We are learning to interpret meaning from information in a non-fiction article and apply it to our own ideas.
Students discuss the meaning of the Aloha spirit.
Students explain how sending a personalised coconut is an act of kindness.
Students design their own coconut for a particular person.
Students write a sentence explaining their design.
Design a coconut that you would send if you visited Hoolehua Post Office.
After reading the article, watch the YouTube video Mailing a Molokai coconut with Post-A-Nut, pausing at appropriate times to allow students to see the different designs of the coconuts. Discuss how it would feel to receive one of these coconuts in the mail all the way from Hawaii.

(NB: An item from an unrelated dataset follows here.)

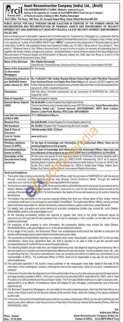 All that piece and parcel of land having an extent of 12.95 Ares (32 cents) together with a residential building bearing door no. KMC/13/1097 admeasuring 12417 sq ft (approx) standing therein together with all nights and improvements thereon in survey по 9619/3, Re Sy No. 8/2 in block no. 73, Thandapeer No. 23879 in Kollam East Village, Kollam Taluk Kollam Sub District, Kollam District, in the name of Rajitha Somarajan

Ask the students to recall the places mentioned in the article that coconuts have been sent to (the Antarctic, Easter Island, Iceland, Kathmandu, Kazakhstan, Namibia, Zermatt in the Swiss Alps). If you have a digital subscription, go to the interactive to demonstrate how far these places are from Hawaii.

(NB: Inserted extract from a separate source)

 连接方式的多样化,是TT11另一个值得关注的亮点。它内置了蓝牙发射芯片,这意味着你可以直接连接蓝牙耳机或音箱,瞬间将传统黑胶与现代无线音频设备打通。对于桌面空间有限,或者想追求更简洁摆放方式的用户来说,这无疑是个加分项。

Ask the students if they remember what the values of the Aloha spirit were in the article (warmth, harmony and goodness) and discuss what they mean, as well as how they can be applied in our lives. Explain that the Aloha spirit is a law in Hawaii, and although it’s basically impossible to enforce, it is an expectation of citizens to conduct themselves with kindness and consideration for others.
Ask the students for their thoughts on how creating a personalised design or message on a coconut and mailing it to somebody can send part of the Aloha spirit to people who are far away from Hawaii. Tell them to consider who they would send a coconut to if they had the chance to visit the Hoolehua Post Office.
Students should then draw a circle on paper to represent a coconut, then draw and colour their personalised design or message, writing a sentence underneath about who it is for and what it means. These could be displayed in the classroom with a Post-A-Nut sign.